[Activity]
For the records below, copy exactly the span that begins at the line containing "It is a landscape" and stops after the line containing "- Season your", minus any pictures.
───── Given data
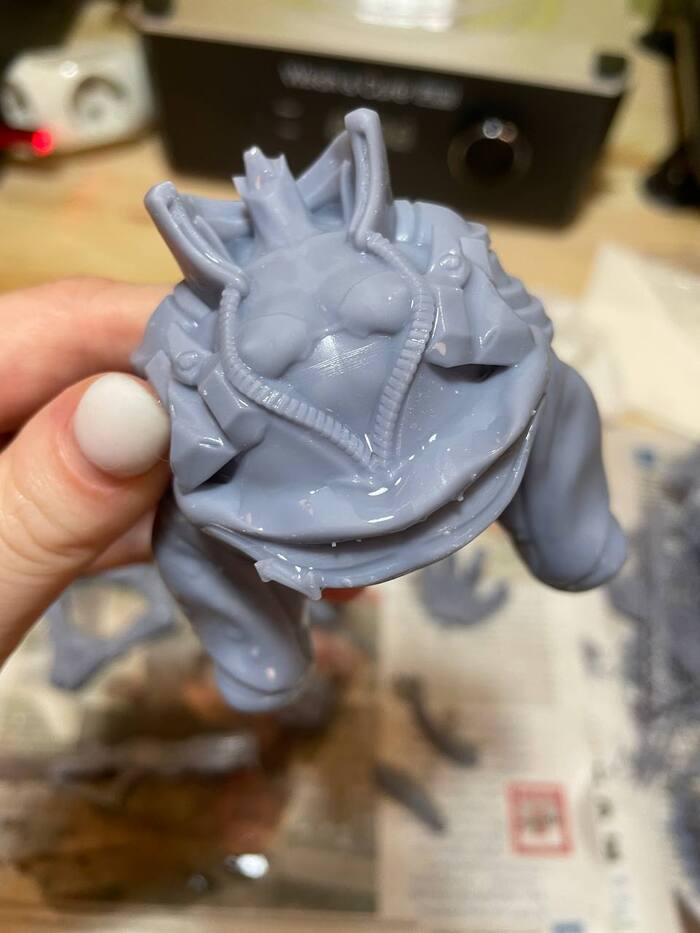 Здесь я распечатала детали для обеих Ребекк, промыла в спирту, засветила ультрафиолетом и избавилась от подставок. Процесс нанесения грунта показывать не буду, т.к. ничего нового Вы там не увидите.
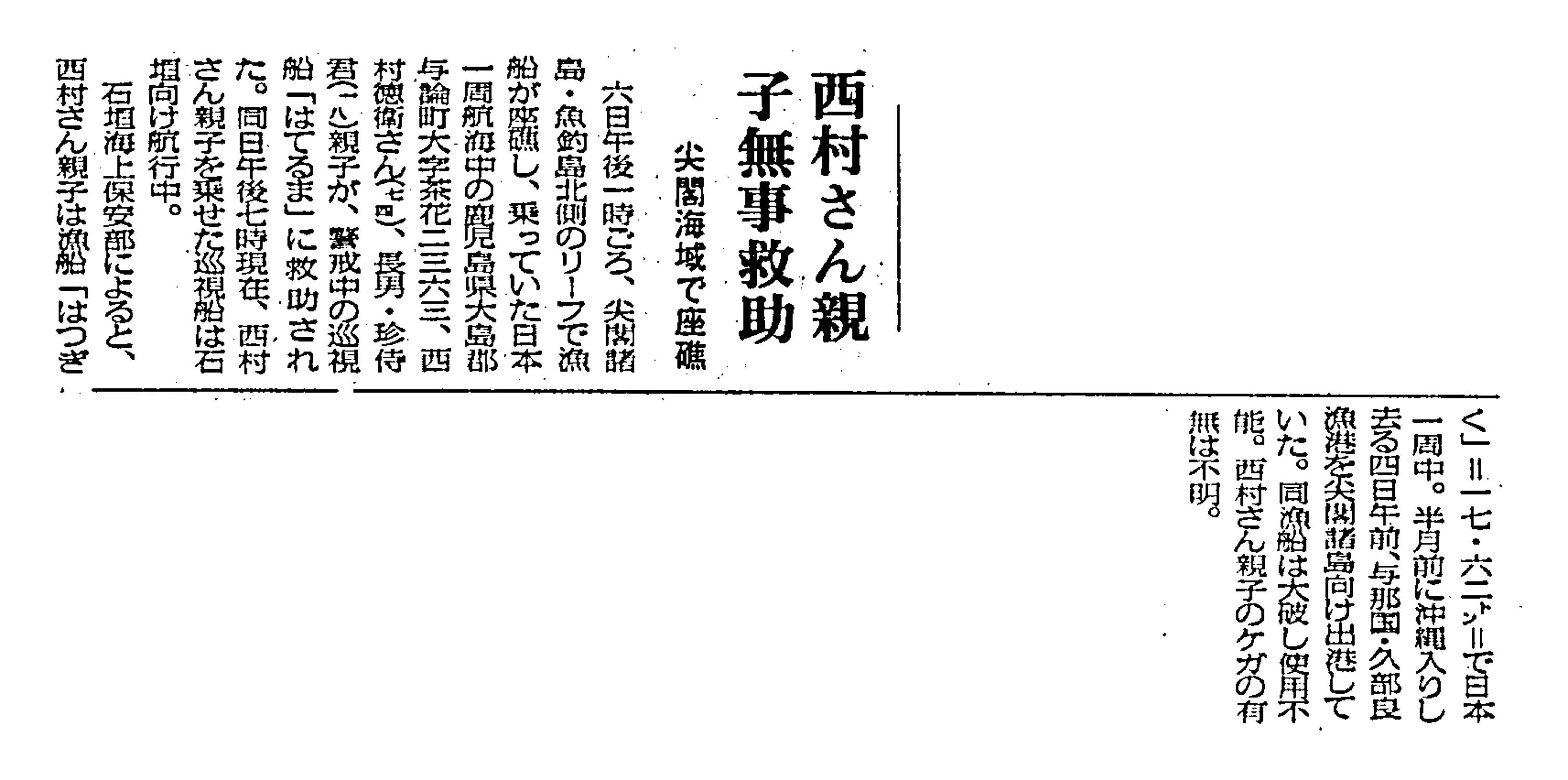 > 西村さん親子無事救助/尖閣海域で座礁:
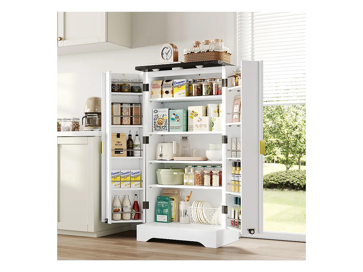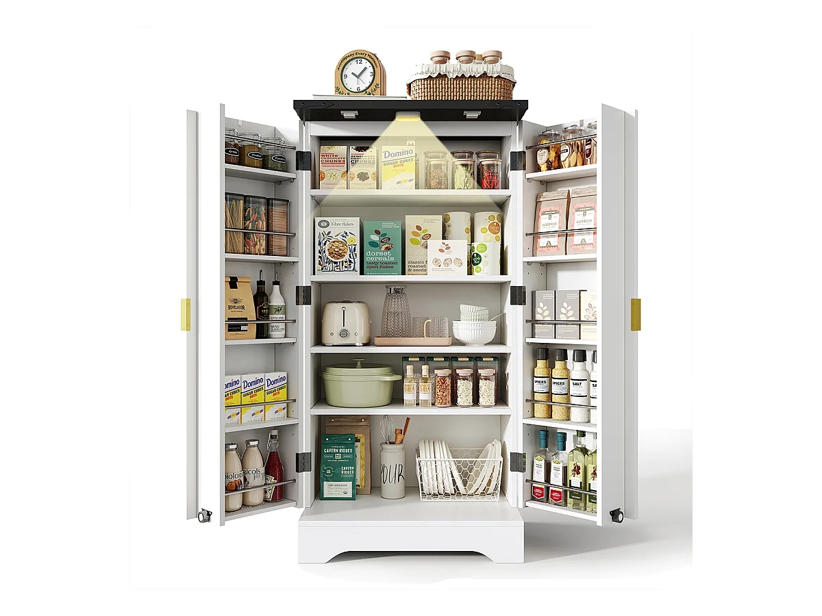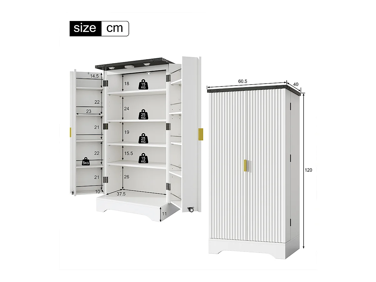 Küchenschrank mit LED-Sensorlicht und Gewürzregal Buffetschrank Sideboard 120 x 60,5 x 40 cm Weiß
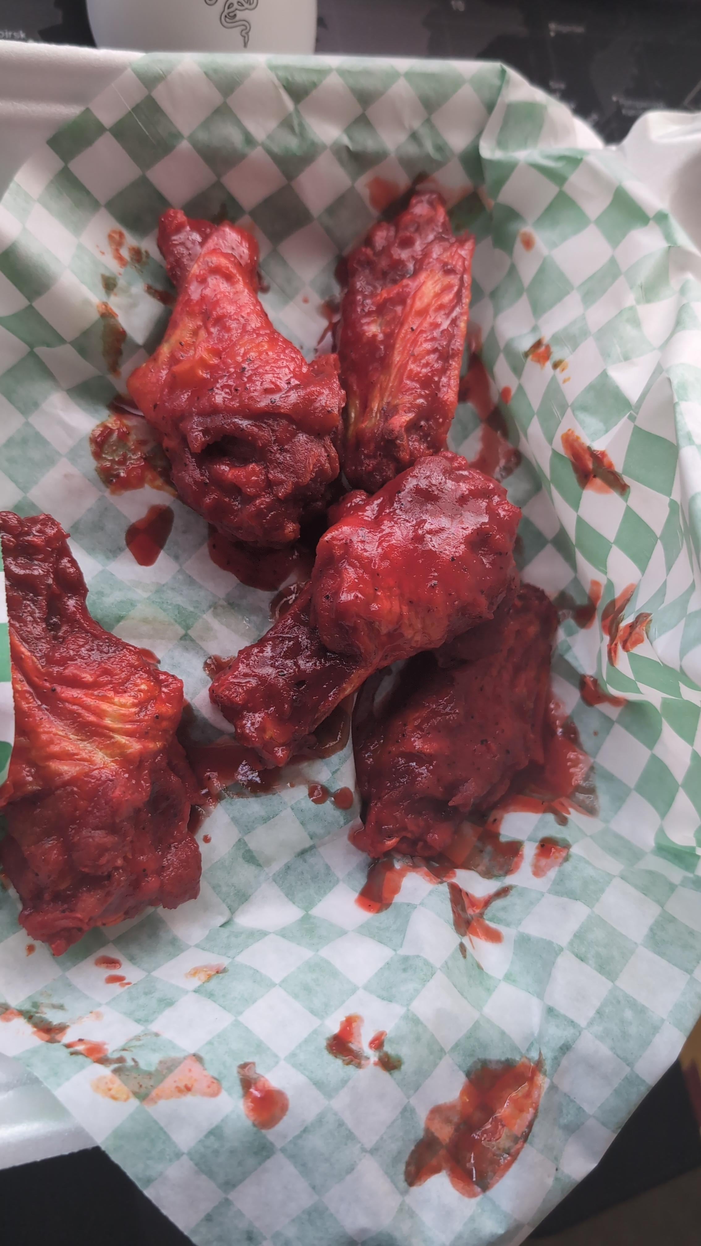 CHOCOLATE_HELLE 5 months ago If you aren’t slightly uncomfortable when eating wings you are doing it wrong.
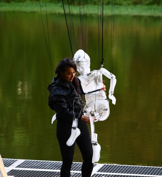 It is a landscape piece on water, a pas de trois performed by a dancer, an ice puppet, and her puppeteer. A tale of suspension, metamorphosis, ephemerality, and mirrors.
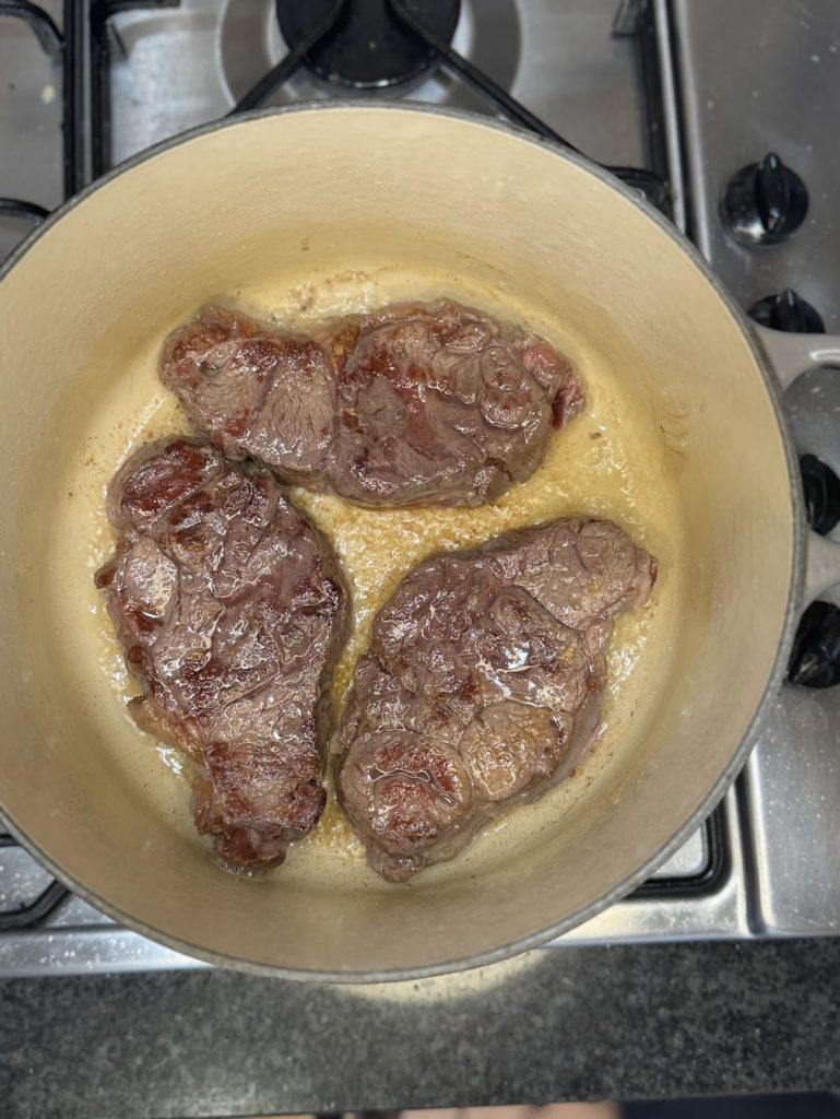 - Season your beef shin generously with salt and sear it on both sides until browned. Remove and set aside.
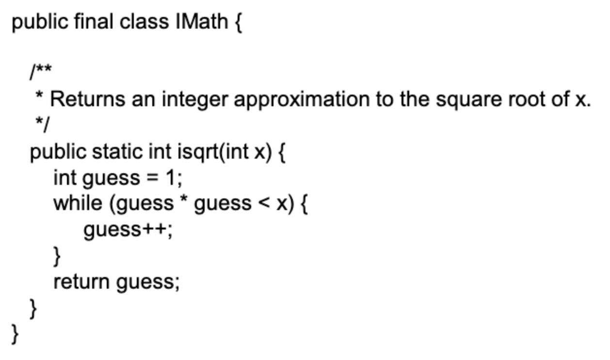 - IMath class에 isqrt함수를 만들었다. 이 함수를 검증하는 JUnit test class를 만들어보자.
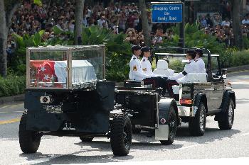 (新加坡)新加坡建國總理李光耀今日國葬,官方以最高規格送別這名星洲之父,舉國同哀,包括中港台的數十個國家地區代表出席。李光耀靈柩午後由炮架靈車緩緩拖行,走完人世最後15公里路程,回首其奮鬥一生打造的閃耀之城,亦讓其一生記掛的星洲人民夾道相送。移靈隊伍途經多個地標,可說代表了其人生和政壇足迹。日暮獅城,5時15分國葬禮畢,靈柩隨即送往火化,一代巨人化為輕煙。
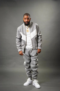 Men's V-Baseball Leather Track Suit Sweatsuit [Grey/White] - XS / 28
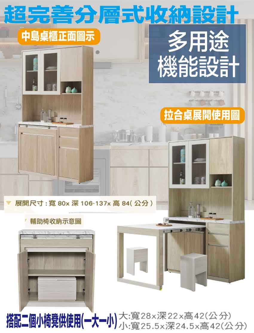中島桌展開尺寸:寬80x 深106~137x 高84(公分)
──────────
[Answer box]
 It is a landscape piece on water, a pas de trois performed by a dancer, an ice puppet, and her puppeteer. A tale of suspension, metamorphosis, ephemerality, and mirrors.
 - Season your beef shin generously with salt and sear it on both sides until browned. Remove and set aside.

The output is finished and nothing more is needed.